# Etel



## veredgerber

Hello, can someone help me locate the correct Hebrew spelling of the girl's name, Etel?


----------



## cremba

i believe it has to be אתל
do u need to locate it anywhere in literature?


----------



## veredgerber

Todah rabah!  I am interested in its origins, it seems to also be considered Hungarian? If you know of any usages that would be wonderful. Thanks again, vg


----------



## cfu507

cremba said:


> i believe it has to be אתל
> do u need to locate it anywhere in literature?


 
The name in Hebrew is אטל. I have a relative who is called Etel. I'll ask her if she knows something.


----------



## Nunty

Is Etel a diminutive of Etta?


----------



## berndf

You can't answer this without knowing the family background. In some countries _Etel_ exists as a variant spelling for _Ethel _which is not of Hebrew origin at all. _Ethel_ is derived vom Anglo-Saxon and Old English _eðel_ or _æþel_, _noble_, akin to German _edel_. See also _Eðelhard_ (_noble heart_), an Anglo-Saxon male name.

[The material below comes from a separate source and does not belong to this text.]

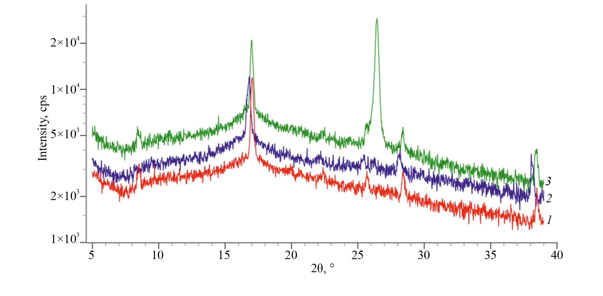 Рис. 5. Дифрактограммы образцов ПАН и его композиции с графитом: 1 – нановолокна ПАН; 2, 3 – нановолокна из композиции ПАН : графит = 95 : 5 (2) и 50 : 50 (3).

In Yiddish you find Ethel/Etel (with the aforementioned Anglo-Saxon etymology) spelled עטעל. Could אטל be an adapation to modern Hebrew spelling?


----------



## cfu507

Nun-Translator said:


> Is Etel a diminutive of Etta?


I don't know, but the short version of Etel is Eti with tet: אטי.
אתי would be for Esther with taf: אסתר.


----------



## Nunty

אני לא בטוחה, אבל נדמה לי שפעם שמעתי שם שביידית כותבים אותו *אטע*. אם כך, יתכן גם אטע'ל. אבל לא זוכרת ממש.


----------



## berndf

Nun-Translator said:


> אני לא בטוחה, אבל נדמה לי שפעם שמעתי שם שביידית כותבים אותו אטע. אם כך, יתכן גם *אטע'ל*. אבל לא זוכרת ממש. _(highlighting mine)_


In Yiddish I would normally read this as "atel" or "otel". I would still argue that Yiddish spelling should be עטעל. Googling will give you a few examples of this spelling of the name.


----------



## Nunty

I agree about the Yiddish spelling, berndf. Sorry; my Yiddish is "contaminated" by Hebrew, which is why I used the _geresh-lamed_ instead of _ayin-lamed_ for the diminutive ending. As for the initial letter, yes - you are probably right.


----------



## berndf

Nun-Translator said:


> my Yiddish is "contaminated" by Hebrew


You just produced an example supporting my case that the name of cfu507's relative, אטל, is probably a Hebrew adptation of עטעל: The initial ע is replaced by א (as you did). Interconsonantic ע representing _e_ are usually omitted when assimilating Yiddish words into Hebrew.


----------